The purpose of my technical analysis is all to do with trends. I examine the direction of the trend by simply analyzing price, the momentum of the trend through moving average convergence divergence (MACD) and the condition of the trend through the 14-day Relative Strength Index (RSI).
- HollyFrontier's share price bottomed in November 2008 and since has been in a strong uptrend. That's not to say there has not been volatility along the way. From Aug. 5, 2011, to Dec. 9, 2011, the company share price corrected 45%. Then again, from March 8, 2013, to July 5, 2013, the share price endured a 34% correction. However, what was notable on each occasion was that the support of the 100-week moving average held. Indeed, looking back over a 10-year weekly chart of HollyFrontier, the 100-week moving average has proved an important area of support and resistance. Therefore, with the current share price of $49.49 above the 100-week moving average of $43.82, the uptrend remains in place and is well-supported.
Fig. 4 - Weekly Price TrendSource: Bloomberg.
- The 34% decline in the share price in 2013 also resulted in momentum to plunge into negative territory. After recovering to positive territory later in the year, there was another brief correction in January. However, the recent evidence is that momentum is picking up once more, which could send the share price higher to challenge the 52-week highs of $59.20.
Fig. 5 - HollyFrontier Weekly Price Momentum Using MACD (12, 26)Source: Bloomberg.
- The key levels to look out for on the RSI chart are 70 and above, which equates to an overbought condition. Meanwhile, a reading of 30 or below reflects an oversold condition. The RSI on the weekly chart for HollyFrontier is 58.5. Therefore, it is neutral territory with little suggestion a rally cannot ensue from current levels.
Fig. 6 - HollyFrontier Weekly Price Condition Using RSI (14)Source: Bloomberg.
Looking at the three factors (direction, momentum, condition) on the weekly chart, there are no obvious negative signals. Quite the opposite in the sense that the share price is well-supported by the 100-week MA and with momentum picking up, the 52-week highs of $59.20 are certainly within reach. That is barring any material in the overall market.
HollyFrontier appeals from a fundamental perspective. Across multiples such as P/E, P/S, P/CF and EV/EBITDA, the company is among the cheapest in the Russell 3000. Meanwhile, from a quality standpoint, margins are low but the company is in the top 10% in terms of asset turnover. As I have already acknowledged, companies in this decile have produced a CAGR of 11.9% over the past 14 years.
My admiration is further fueled by the technical setup.
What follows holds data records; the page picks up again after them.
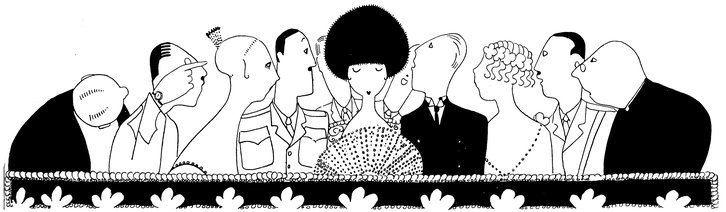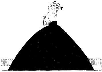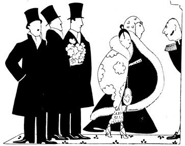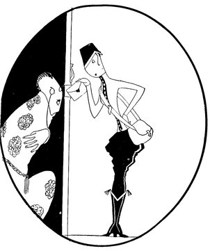 Few artists, however, have more quickly sprung into world-wide popularity than “Eve.” How great this popularity is may be judged by the numerous imitators which, while they copy many of Eve’s mannerisms, lose all that humour and spirit which make of Eve’s art such a fascinating and irresistible thing. For Eve possesses a gift which cannot be imitated, no matter how clever the artist who imitates her may be. Each person’s sense of humour—or lack of it—belongs to them alone. And it is Eve’s humour which make her delightful drawings so appealing. She has that sense of the “absurd” which is one of the rarest senses in all black-and-white art. And yet, while her irresistible humour makes one laugh, while her drawings fascinate us by their quaintness, she is never so far removed from reality as to be merely a painter of the human grotesque. Therein lies so much of her genius. She paints humanity with the eye of one who can see the comic in everyday people and things, and yet she never lets her feeling for the ridiculous obliterate her feeling for Truth. It is to be regretted that the clever letters which these drawings originally illustrated in “The Tatler” cannot be reproduced on account of their topicality.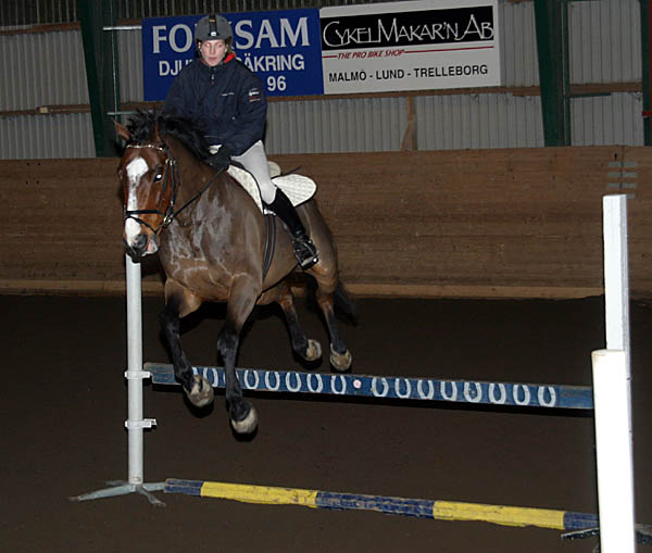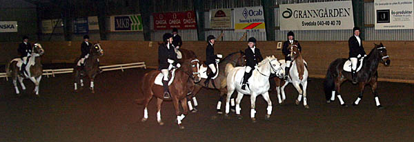 ![]() Lagtävling i hoppning på tid. Gymnasisterna mot ponnyryttare. Ponnylaget vann. |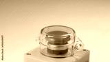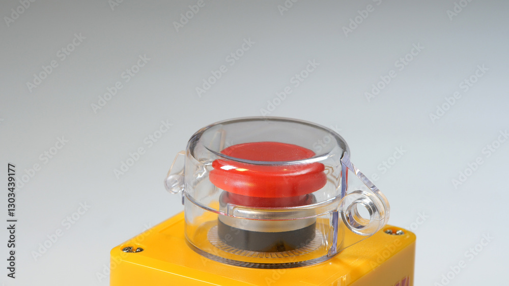 Red industrial emergency stop button with protective cover, safety switch for quick emergency situation machine shutdown, panic button closeup, isolated on neutral background. Nuclear weapons button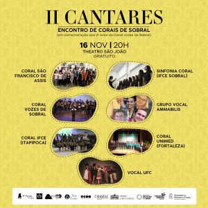 Neste sábado (16), o Theatro São João recebe o II Cantares – Encontro de Corais de Sobral, a partir das 20 horas. Neste ano, a segunda edição é formada por sete grupos que apresentarão seus repertórios como forma de divulgar a atividade de canto coral e motivar as pessoas a participarem de grupos musicais.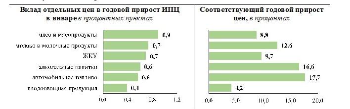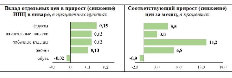 За январь к декабрю предыдущего года около 60% всей инфляции обусловлено двумя факторами: удорожанием преимущественно импортных овощей и фруктов, а также повышением цен на подакцизные товары.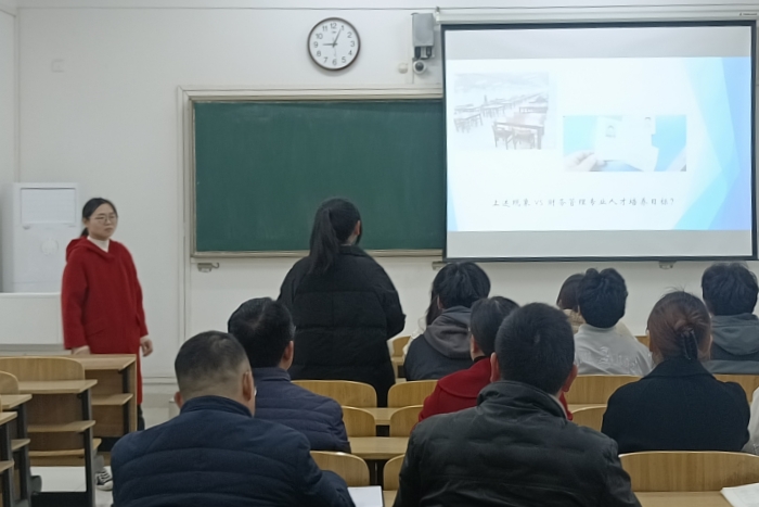 为深入学习贯彻党的二十大精神,加强大学生思想政治教育,引导学生厚植爱国情怀,涵养进取品格,激励学生启航新征程,怀揣新希望,阔步新时代,3月17日,财经学院开展主题班会观摩活动。财经学院党委书记杜小明,党委副书记、纪委书记耿广汉,建筑学院党委副书记、纪委书记谢宜勤,两院全体辅导员老师出席班会并观摩。主题班会主讲人为财经学院辅导员王天云。
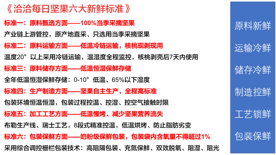 11月12日,洽洽坚果保鲜标准大会在上海召开,现场通过新华网抖音直播。大会上,洽洽首次提出每日坚果6大新鲜标准,同时连同全产业链企业代表,宣布成立洽洽全球坚果保鲜产业链联盟,不仅意味着行业首个新鲜标准的出炉,也标志着洽洽坚果近几年来举全力推进的“新鲜质造战略”又迈出坚实一步。2011年深交所上市后,洽洽就始终致力于产品线的延伸与扩展,特别是日渐升温的坚果食品。在新零售浪潮冲击下,传统零食品牌面临挑战,但洽洽仍然保持了令竞争对手羡慕不已的高利润率,关键原因在于其特有的全产业链模式,对各个环节的牢固掌控,保证高品质的同时,将运营风险将至最低。洽洽食品是目前唯一集种植、生产、销售于一身的零食大品牌,产业链的完整是其最大优势。依靠敏锐的市场洞察力,洽洽从2017年起重磅打造“每日坚果”。依靠对新鲜度的极致追求,带给消费者的高端体验,每日坚果对公司的贡献度逐年提升:从2017年的2.47亿元,营收占比6.86%,提高到2019年的8.25亿元,营收占比17.06%。在每日坚果的带动下,洽洽在坚果炒货市场中稳居前三。2014年,洽洽树立坚果发展战略之初,就将领“鲜”视作重要战略举措。凭借着对完整坚果产业链的控制,洽洽每日坚果得以实施多重保鲜-锁鲜技术:包括在国家优质坚果原产地100%当季采摘;快速入库冷藏;与全球工业干燥&烘烤领域的领军企业布勒合作,对低温慢烤全程进行精准和智能化控制;采用充氮+吸氧双重阻氧包装等。布勒集团亚太区总裁王维波在发布会上分享坚果智能制造及数字产业链。图片来源:洽洽在洽洽倡导的“新鲜质造战略”中,“质造”是核心。“质造”不仅仅是在原料、工艺等维度上的严谨与用心,更包含了对全产业链的整合和把控。据洽洽首席增长官王斌介绍:“每一包洽洽小黄袋为保障新鲜,要历经237项检测”。从原料采购、物流运输、生产制造、包装加工、市场分销等全产业链环节,洽洽围绕“鲜”制定严苛标准。其中,洽洽每日坚果以16道新鲜监控保障一路领“鲜”,从100%采摘当季原料,到全程冷链运输,到大数据监控烘焙温度等,层层新鲜质造。这些举措为洽洽树立“新鲜”、“质造”的品牌形象打下坚实基础。在多年“保鲜”实践基础上,洽洽此次携手多家重量级合作伙伴,发布零食行业首个坚果新鲜标准,是对洽洽多年高品质生产经验的一次浓缩与升华。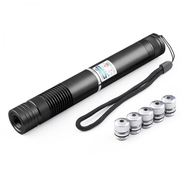 Синий лазер 10000mW Pro (445nm) YX-B008 с дополнительными насадками - зажигает спички, прожигает пластик, бумагу и ткань! Фиксируемая в рабочем положении кнопка фиксации (кнопку уже не нужно постоянно придерживать пальцем). Поставляется дополнительно со сменными насадками "Звездное небо"

Provided the share price holds the 100-week MA support at $43.82, investors should be looking to invest. With momentum turning up once more, I think it is quite possible the 52-week highs of $59.20 could be revisited before too long.
Finally, in this low-yield environment, the company's dividend policy stands out. In addition to a regular $0.30 dividend payment every quarter (which alone yield 2.42%), HollyFrontier continues to pay out a special dividend of $0.50 every quarter. That brings the total dividend over the past year to $3.20, representing a yield of 6.5%.
HollyFrontier ticks the right boxes for the value, income and momentum-based investor. Now is the time to buy.
Disclosure: I am long HFC. I wrote this article myself, and it expresses my own opinions. I am not receiving compensation for it (other than from Seeking Alpha). I have no business relationship with any company whose stock is mentioned in this article.